Task to complete: Exact copy, no pictures: return only the lines below from the line with "Eager to defend" up to and including the line with "活動現(xiàn)場,該鎮(zhèn)1".

Segment Start: Data for this task

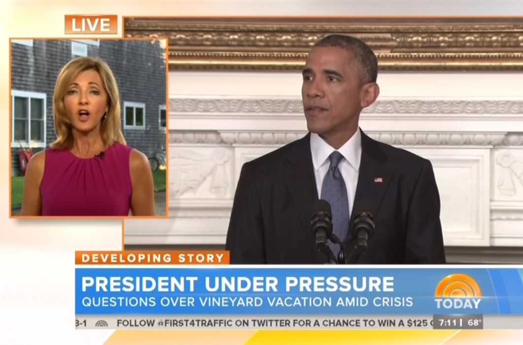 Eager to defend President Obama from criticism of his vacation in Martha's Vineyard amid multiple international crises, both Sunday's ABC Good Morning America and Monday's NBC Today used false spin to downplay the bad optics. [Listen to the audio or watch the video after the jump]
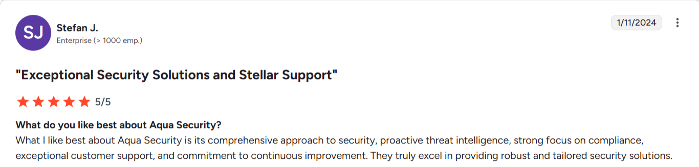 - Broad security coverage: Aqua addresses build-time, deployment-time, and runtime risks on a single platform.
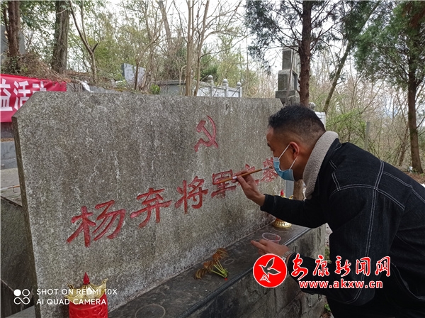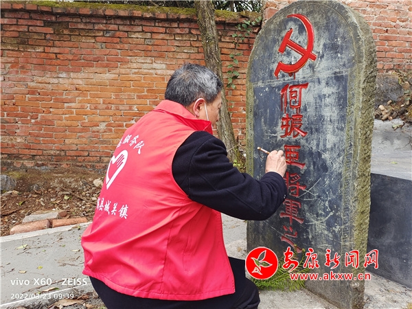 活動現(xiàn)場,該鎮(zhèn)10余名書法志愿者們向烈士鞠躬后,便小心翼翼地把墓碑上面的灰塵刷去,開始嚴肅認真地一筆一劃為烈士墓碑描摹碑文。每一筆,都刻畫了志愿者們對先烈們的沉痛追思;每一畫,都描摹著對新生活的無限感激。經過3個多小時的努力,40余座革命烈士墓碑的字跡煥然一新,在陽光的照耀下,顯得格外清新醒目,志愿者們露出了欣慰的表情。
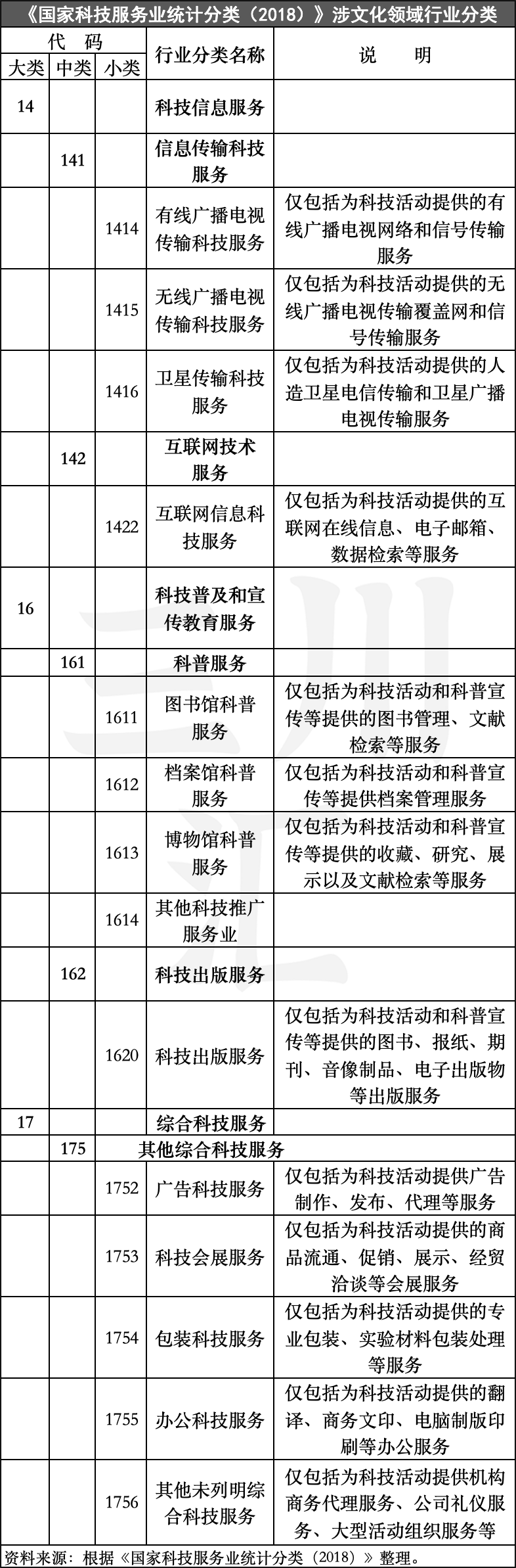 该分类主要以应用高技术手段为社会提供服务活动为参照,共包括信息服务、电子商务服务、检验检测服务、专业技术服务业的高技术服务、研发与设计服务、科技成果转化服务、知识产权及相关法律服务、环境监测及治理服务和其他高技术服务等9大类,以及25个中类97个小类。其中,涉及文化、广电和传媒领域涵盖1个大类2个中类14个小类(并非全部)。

Segment End: Data for this task
Segment Start: Data for this task

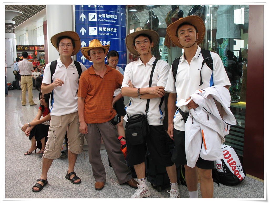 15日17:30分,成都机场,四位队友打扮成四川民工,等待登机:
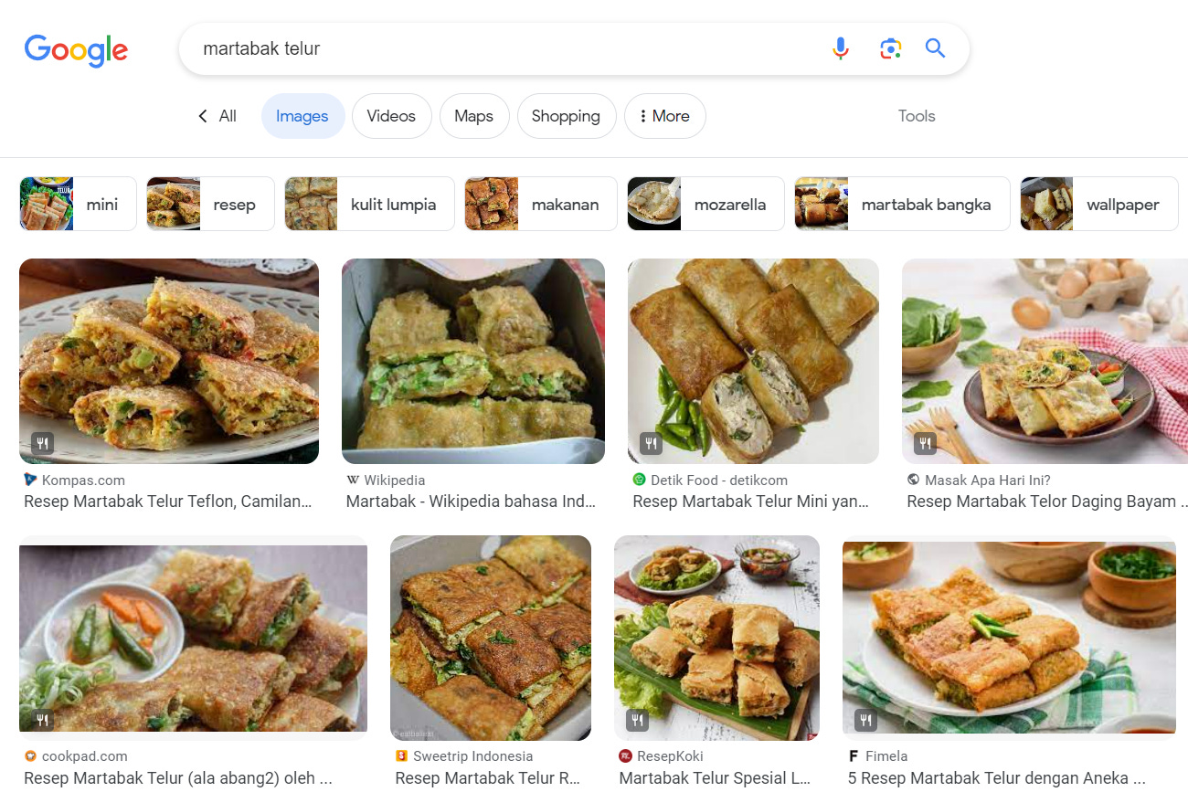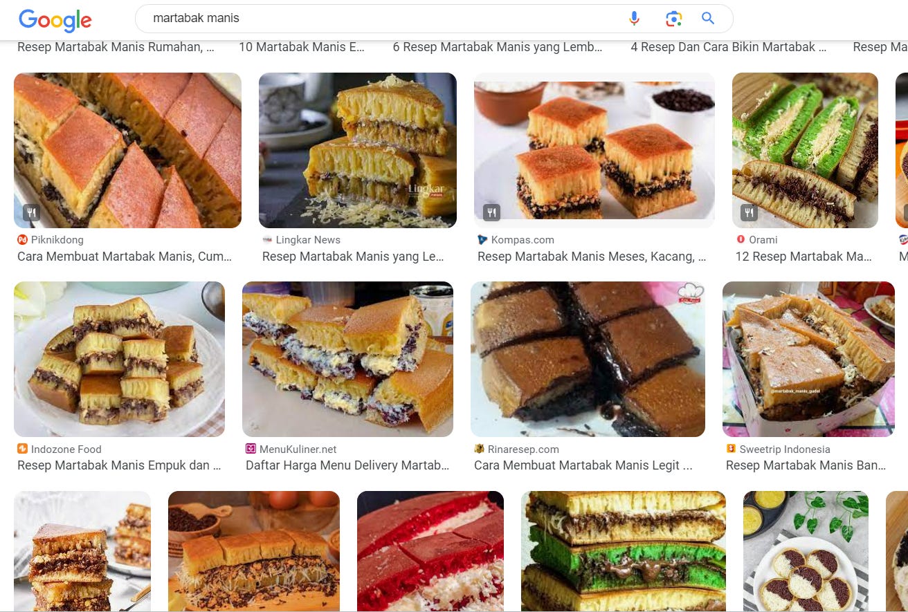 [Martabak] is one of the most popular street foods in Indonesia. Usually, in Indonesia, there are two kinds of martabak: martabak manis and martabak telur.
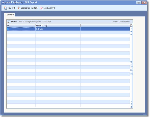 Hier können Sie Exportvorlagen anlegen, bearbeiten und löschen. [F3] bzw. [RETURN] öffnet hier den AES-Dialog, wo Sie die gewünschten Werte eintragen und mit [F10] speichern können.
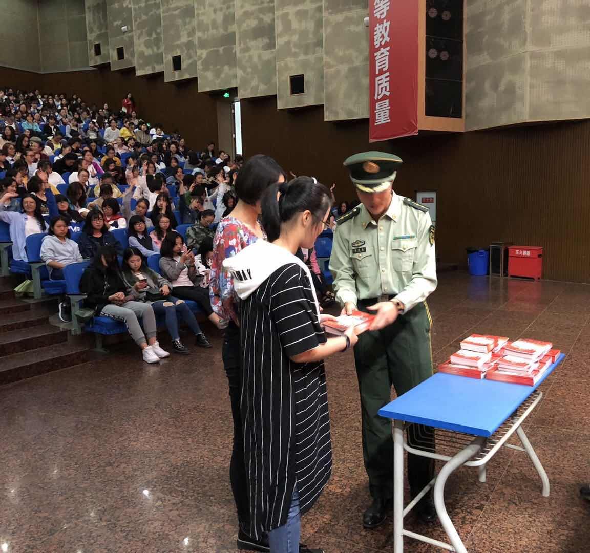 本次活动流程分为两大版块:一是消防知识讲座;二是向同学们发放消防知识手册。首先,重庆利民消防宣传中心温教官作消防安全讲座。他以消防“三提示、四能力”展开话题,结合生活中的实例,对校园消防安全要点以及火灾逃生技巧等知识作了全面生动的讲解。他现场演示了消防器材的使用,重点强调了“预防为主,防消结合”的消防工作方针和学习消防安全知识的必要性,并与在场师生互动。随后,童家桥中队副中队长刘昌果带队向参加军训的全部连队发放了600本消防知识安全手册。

Segment End: Data for this task
Segment Start: Data for this task

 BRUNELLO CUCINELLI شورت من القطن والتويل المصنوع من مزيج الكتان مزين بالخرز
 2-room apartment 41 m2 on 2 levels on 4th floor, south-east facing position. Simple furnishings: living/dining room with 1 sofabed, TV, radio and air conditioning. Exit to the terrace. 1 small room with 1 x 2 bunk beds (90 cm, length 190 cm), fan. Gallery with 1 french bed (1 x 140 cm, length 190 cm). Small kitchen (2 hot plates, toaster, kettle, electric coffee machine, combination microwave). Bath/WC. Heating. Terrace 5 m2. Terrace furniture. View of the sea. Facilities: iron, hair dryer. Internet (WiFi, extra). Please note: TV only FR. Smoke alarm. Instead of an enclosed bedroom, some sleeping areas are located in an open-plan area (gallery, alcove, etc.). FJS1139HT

Segment End: Data for this task

Solution to this problem:
 Eager to defend President Obama from criticism of his vacation in Martha's Vineyard amid multiple international crises, both Sunday's ABC Good Morning America and Monday's NBC Today used false spin to downplay the bad optics. [Listen to the audio or watch the video after the jump]
 - Broad security coverage: Aqua addresses build-time, deployment-time, and runtime risks on a single platform.
 活動現(xiàn)場,該鎮(zhèn)10余名書法志愿者們向烈士鞠躬后,便小心翼翼地把墓碑上面的灰塵刷去,開始嚴肅認真地一筆一劃為烈士墓碑描摹碑文。每一筆,都刻畫了志愿者們對先烈們的沉痛追思;每一畫,都描摹著對新生活的無限感激。經過3個多小時的努力,40余座革命烈士墓碑的字跡煥然一新,在陽光的照耀下,顯得格外清新醒目,志愿者們露出了欣慰的表情。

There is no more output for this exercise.